> **What is being asked**
Repeat the span of the entries below that starts at the line with "Blue Jay Fledgling" and ends at the line with "1836 - //// CS si ////", nothing more. Skip the pictures.

Collection entries
- - -
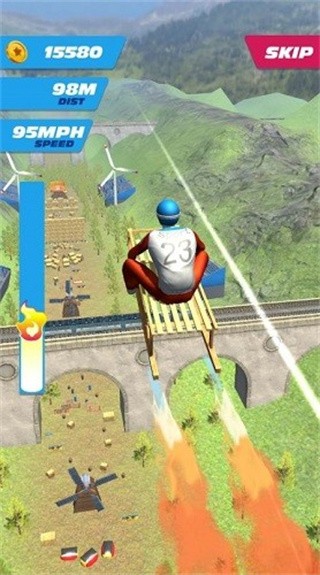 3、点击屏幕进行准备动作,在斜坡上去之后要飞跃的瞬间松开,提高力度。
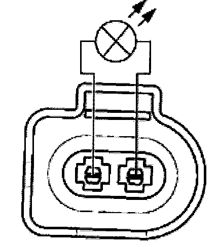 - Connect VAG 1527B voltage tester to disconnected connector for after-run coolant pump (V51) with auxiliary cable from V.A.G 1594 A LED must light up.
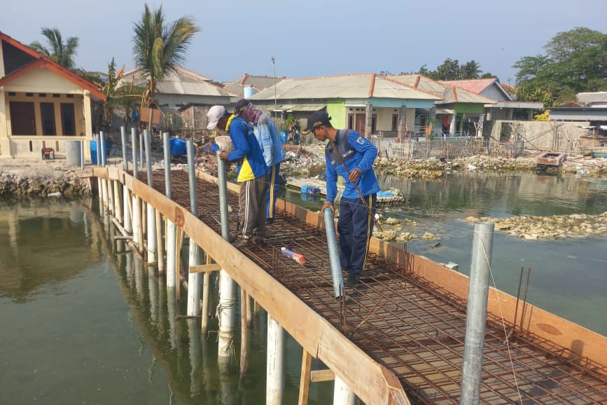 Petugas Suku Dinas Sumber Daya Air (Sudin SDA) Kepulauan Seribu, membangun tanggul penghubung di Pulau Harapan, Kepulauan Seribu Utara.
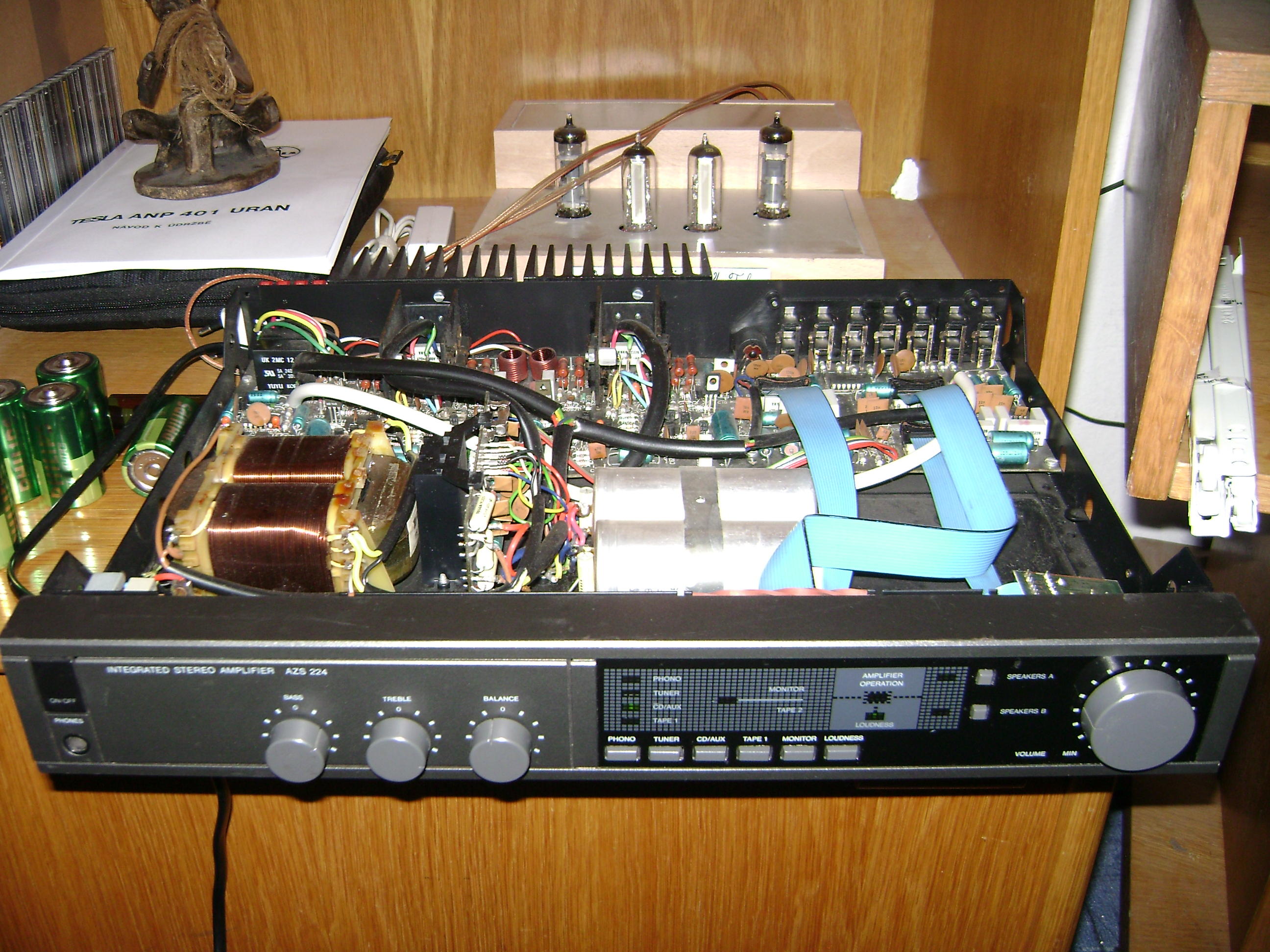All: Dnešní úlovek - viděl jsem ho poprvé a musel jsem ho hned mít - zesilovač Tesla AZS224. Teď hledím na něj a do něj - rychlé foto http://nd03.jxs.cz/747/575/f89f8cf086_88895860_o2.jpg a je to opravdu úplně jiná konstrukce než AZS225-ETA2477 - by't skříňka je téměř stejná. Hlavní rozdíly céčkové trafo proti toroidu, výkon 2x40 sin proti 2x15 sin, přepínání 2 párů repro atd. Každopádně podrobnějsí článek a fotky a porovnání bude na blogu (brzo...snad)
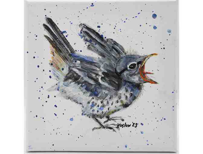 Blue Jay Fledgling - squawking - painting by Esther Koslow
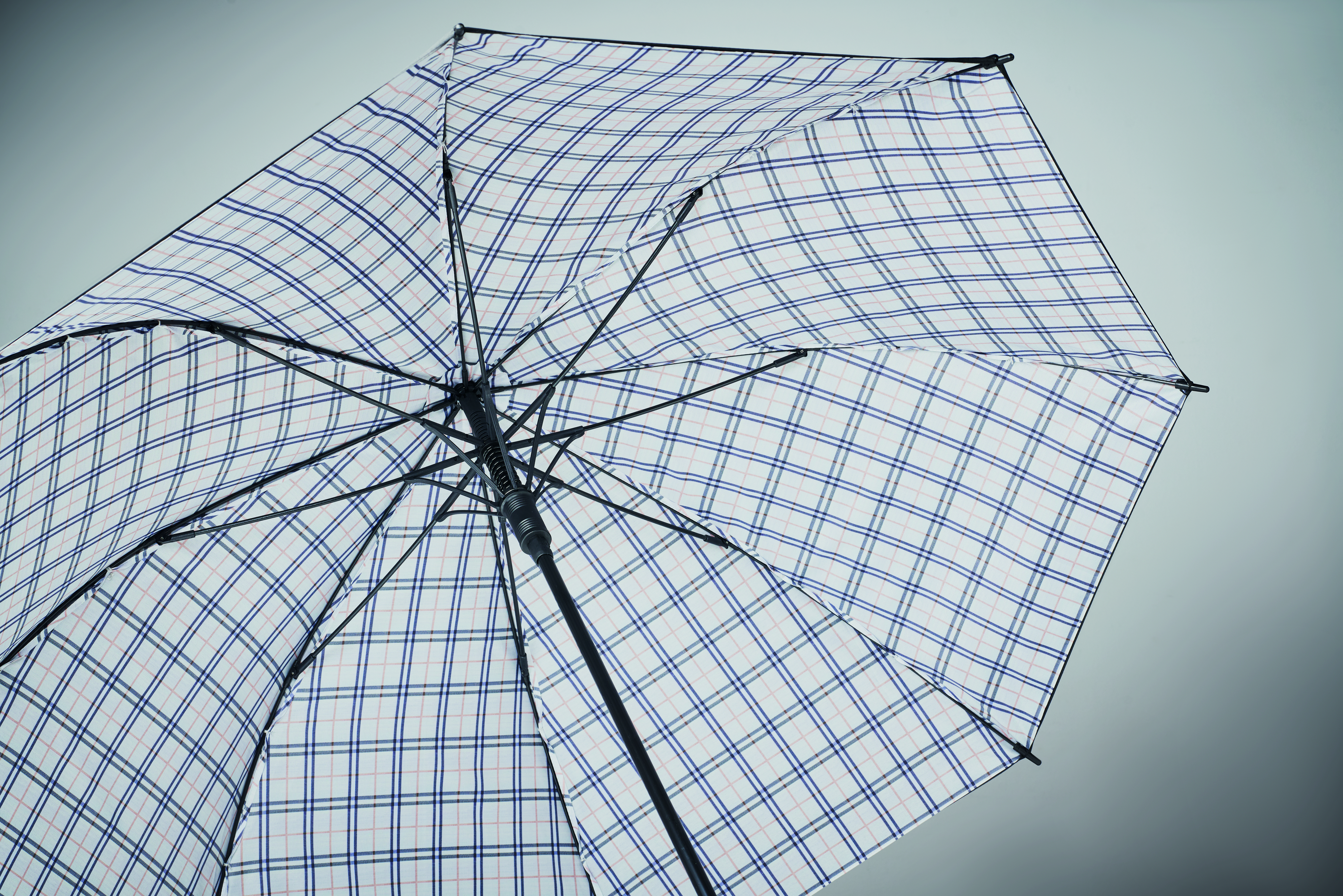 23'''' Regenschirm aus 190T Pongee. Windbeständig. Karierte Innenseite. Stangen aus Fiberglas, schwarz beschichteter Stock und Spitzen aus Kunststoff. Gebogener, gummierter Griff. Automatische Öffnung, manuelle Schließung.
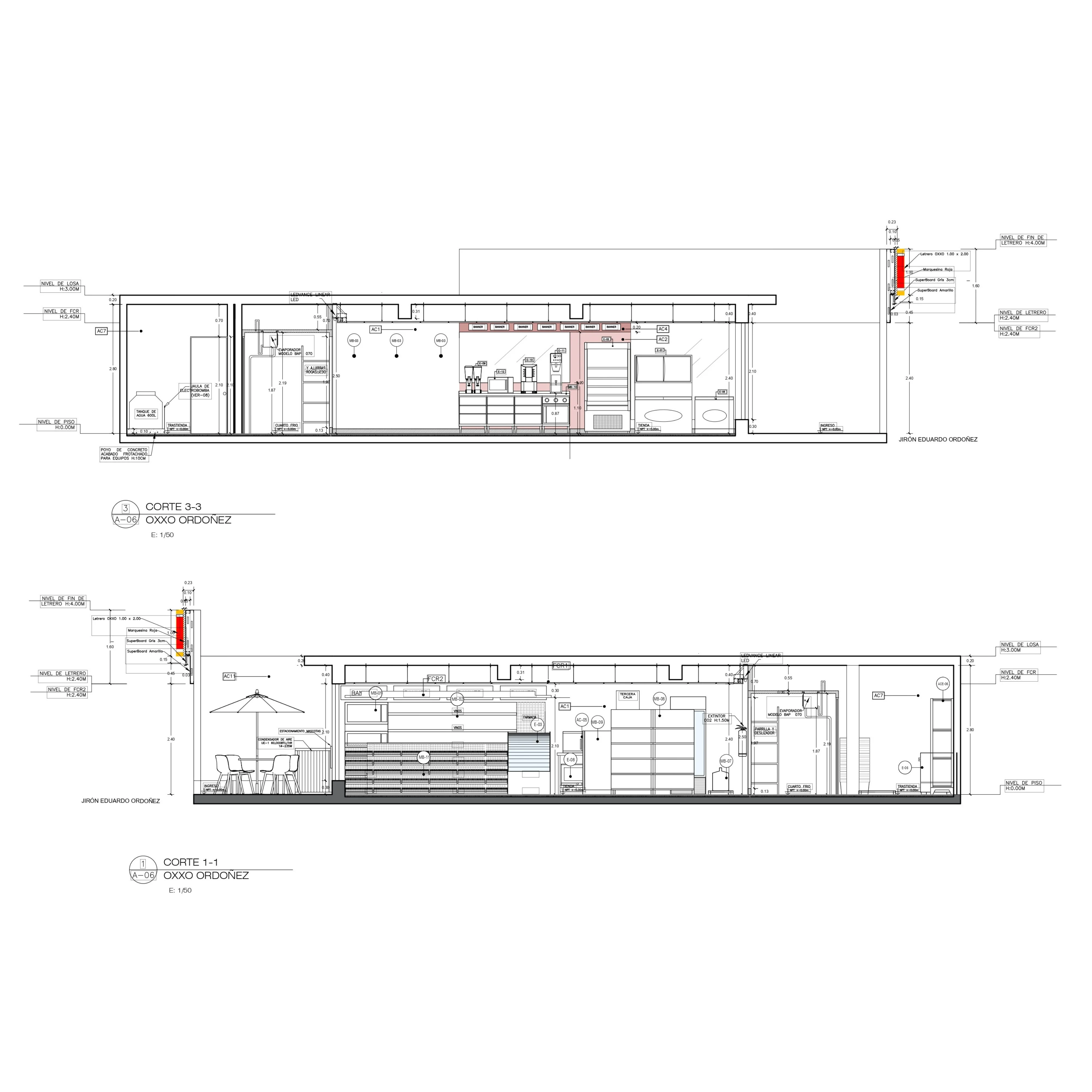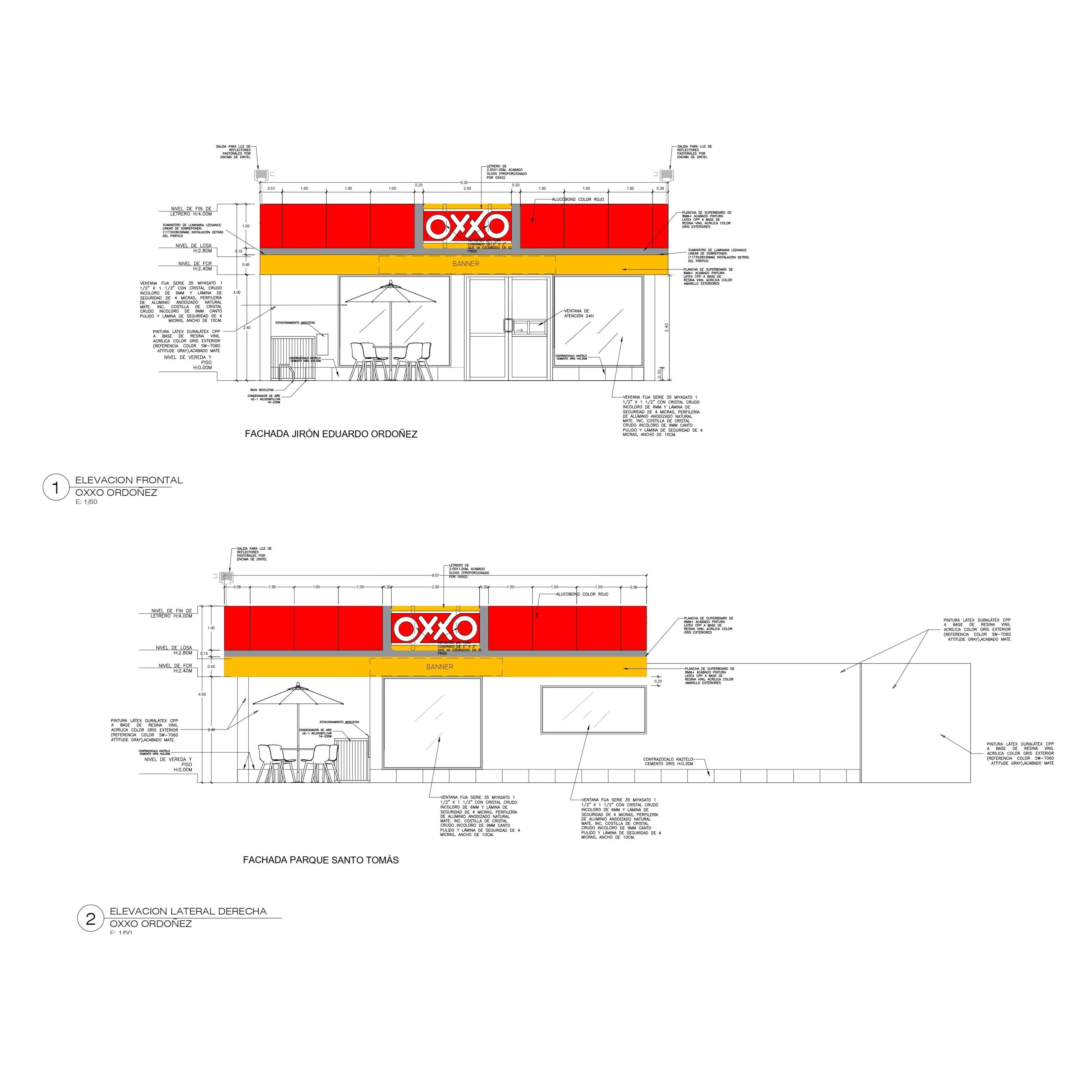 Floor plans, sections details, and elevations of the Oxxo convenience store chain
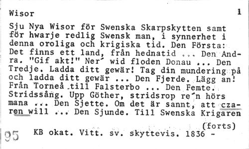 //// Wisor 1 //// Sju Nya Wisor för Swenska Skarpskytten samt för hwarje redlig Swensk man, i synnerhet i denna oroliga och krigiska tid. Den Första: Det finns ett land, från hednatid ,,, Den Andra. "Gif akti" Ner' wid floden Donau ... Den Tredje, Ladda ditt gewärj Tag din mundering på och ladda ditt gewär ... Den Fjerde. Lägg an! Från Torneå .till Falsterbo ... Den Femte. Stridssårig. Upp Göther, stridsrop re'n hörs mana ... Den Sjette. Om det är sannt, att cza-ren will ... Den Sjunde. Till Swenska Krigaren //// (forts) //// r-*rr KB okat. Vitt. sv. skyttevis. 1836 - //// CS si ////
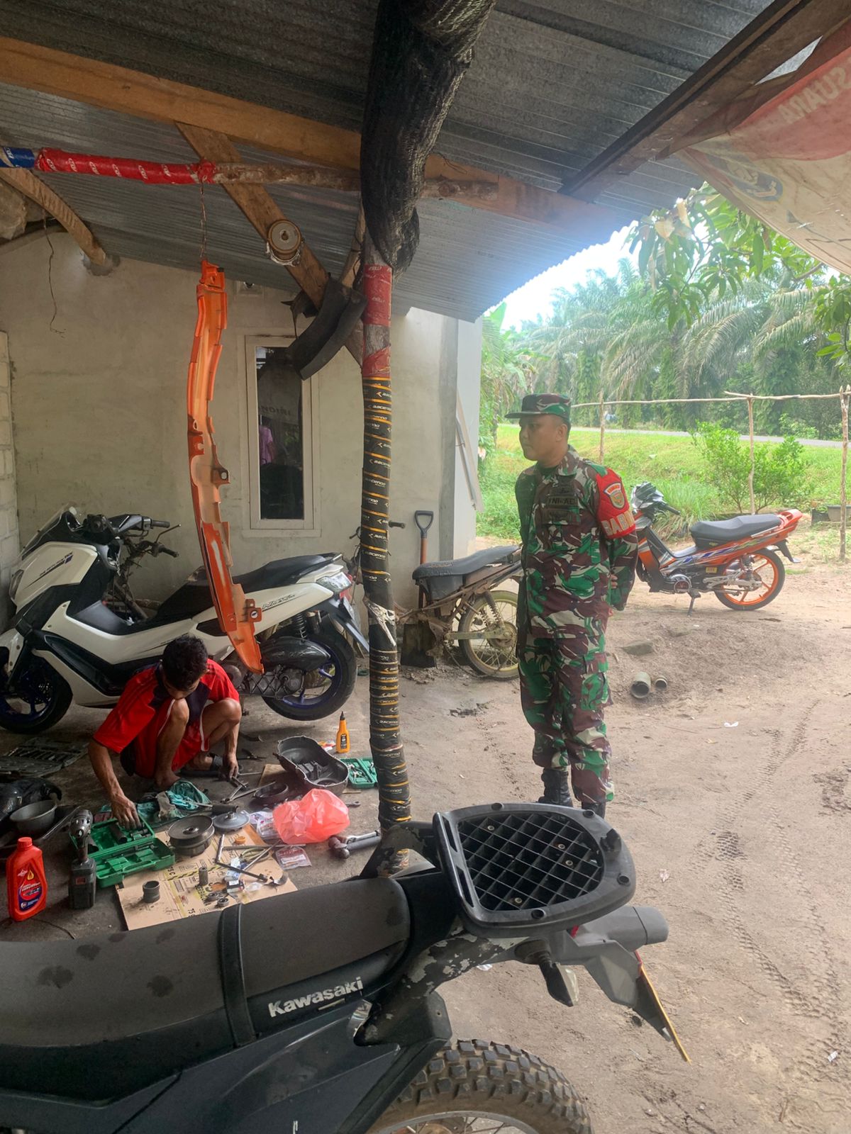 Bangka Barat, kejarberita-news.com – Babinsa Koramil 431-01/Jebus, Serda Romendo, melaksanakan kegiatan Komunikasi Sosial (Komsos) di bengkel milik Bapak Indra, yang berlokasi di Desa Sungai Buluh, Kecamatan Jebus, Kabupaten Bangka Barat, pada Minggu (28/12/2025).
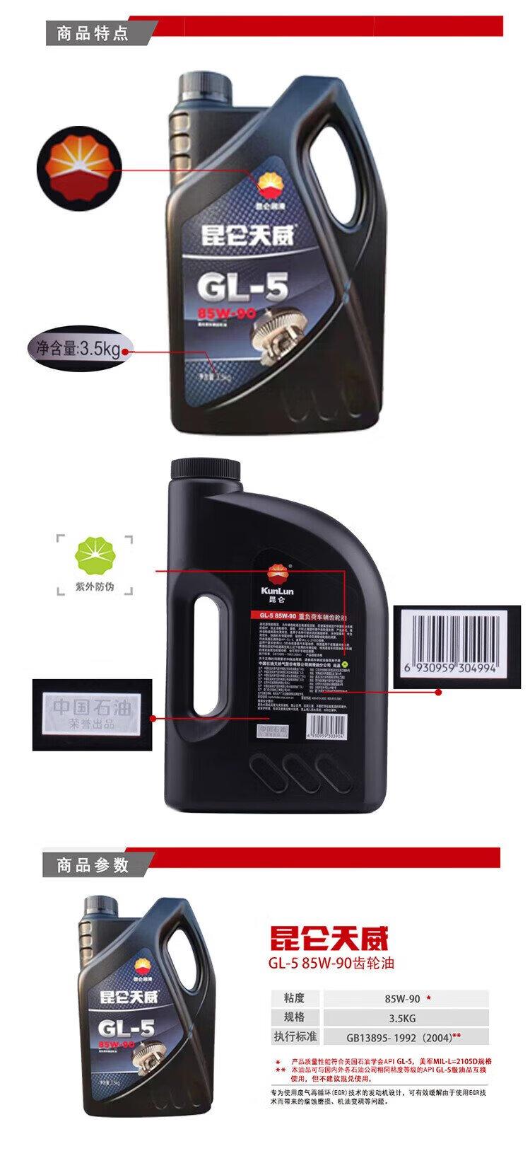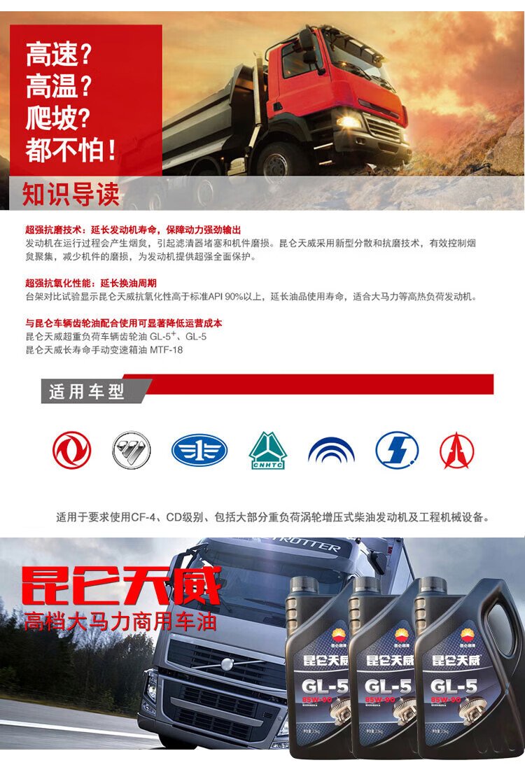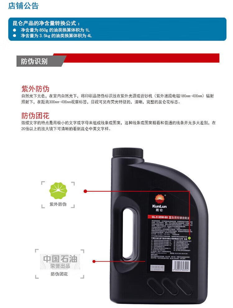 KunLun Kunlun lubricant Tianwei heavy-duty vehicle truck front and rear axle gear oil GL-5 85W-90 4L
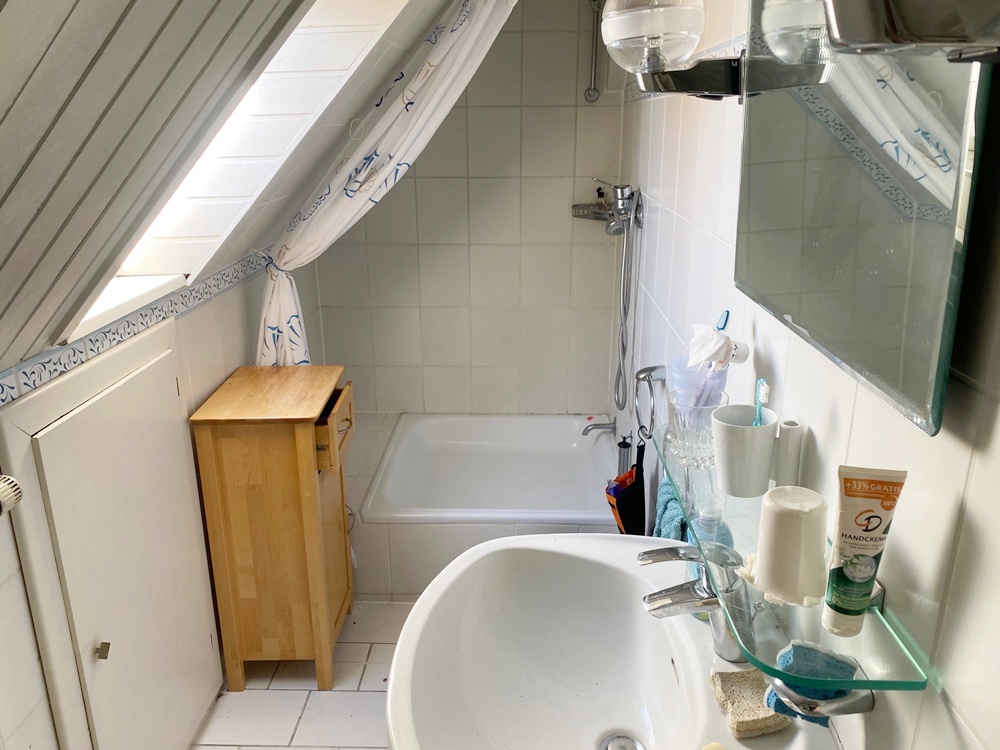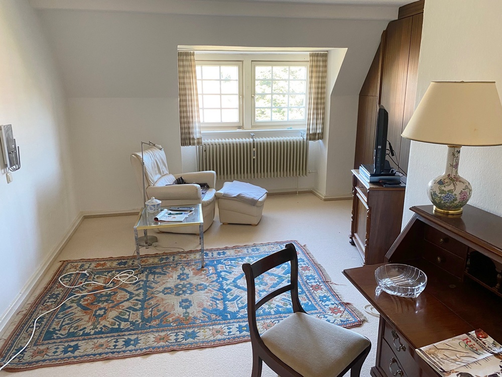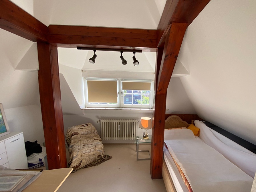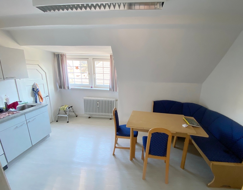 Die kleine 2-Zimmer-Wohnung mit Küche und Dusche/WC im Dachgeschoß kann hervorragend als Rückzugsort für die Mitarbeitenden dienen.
- - -
> **The completed task**
 Blue Jay Fledgling - squawking - painting by Esther Koslow
 23'''' Regenschirm aus 190T Pongee. Windbeständig. Karierte Innenseite. Stangen aus Fiberglas, schwarz beschichteter Stock und Spitzen aus Kunststoff. Gebogener, gummierter Griff. Automatische Öffnung, manuelle Schließung.
 Floor plans, sections details, and elevations of the Oxxo convenience store chain
 //// Wisor 1 //// Sju Nya Wisor för Swenska Skarpskytten samt för hwarje redlig Swensk man, i synnerhet i denna oroliga och krigiska tid. Den Första: Det finns ett land, från hednatid ,,, Den Andra. "Gif akti" Ner' wid floden Donau ... Den Tredje, Ladda ditt gewärj Tag din mundering på och ladda ditt gewär ... Den Fjerde. Lägg an! Från Torneå .till Falsterbo ... Den Femte. Stridssårig. Upp Göther, stridsrop re'n hörs mana ... Den Sjette. Om det är sannt, att cza-ren will ... Den Sjunde. Till Swenska Krigaren //// (forts) //// r-*rr KB okat. Vitt. sv. skyttevis. 1836 - //// CS si ////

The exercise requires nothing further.